We may use capital to engage in strategic acquisitions such as
the proposed acquisition of Office Depot. We consider many
types of acquisitions for their strategic and other benefits.
We are committed to maintaining our current quarterly
dividend of $0.12 per share. We paid quarterly dividends of
$0.12 per share during 2015, 2014 and 2013. While it is our
intention to continue to pay quarterly cash dividends for 2016
and beyond, any decision to pay future cash dividends will
be made by our Board of Directors and will depend upon our
earnings, financial condition and other factors.
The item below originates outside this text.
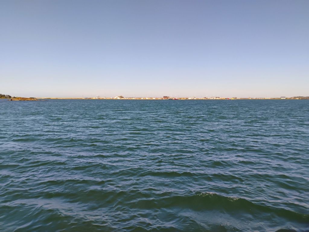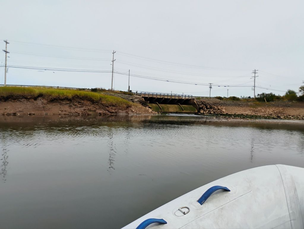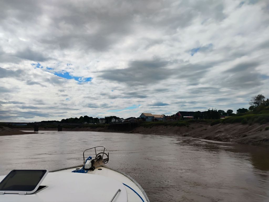 Wolfville was barely visible over the marsh when I came by. After that it was clearly a river. Smooth sailing up to Port Williams. I had a very strong tail current going under the bridge, and kept going on the twisty river.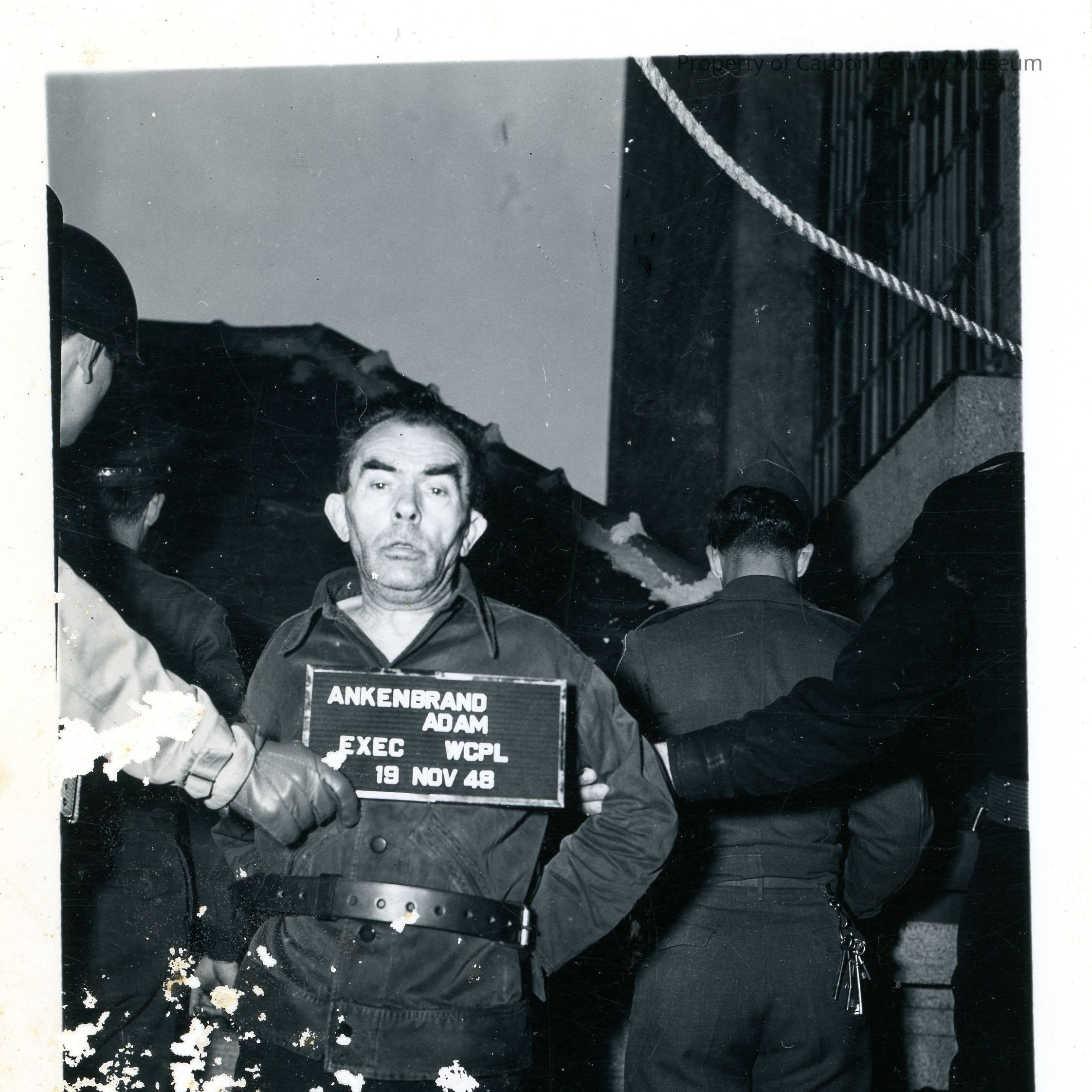 Black and white photograph of a man in a prisoner uniform, he is being held by two men out of frame. Behind the three are two men in military uniforms with their backs to the camera. A placard held in front of the prisoner reads "Ankenbrand Adam EXEC WCPL 19 Nov 48", a length of rope is visible in the top right corner, their is damage to the negative in the bottom left corner.

Excluding any impact from our proposed acquisition of Office
Depot, we expect a moderate decrease in capital spending in
2016 compared with 2015, as we focus spending on strategic
priorities. We expect the source of funds for our capital
expenditures to come primarily from operating cash flows.
INFLATION AND SEASONALITY
While neither inflation nor deflation has had, nor do we expect
them to have, a material impact upon our consolidated
operating results, we may see price increases in certain
categories from time to time. Our business is somewhat
seasonal, with sales and profitability historically higher during
the second half of our fiscal year due to the back-to-school,
holiday and January back-to-business seasons.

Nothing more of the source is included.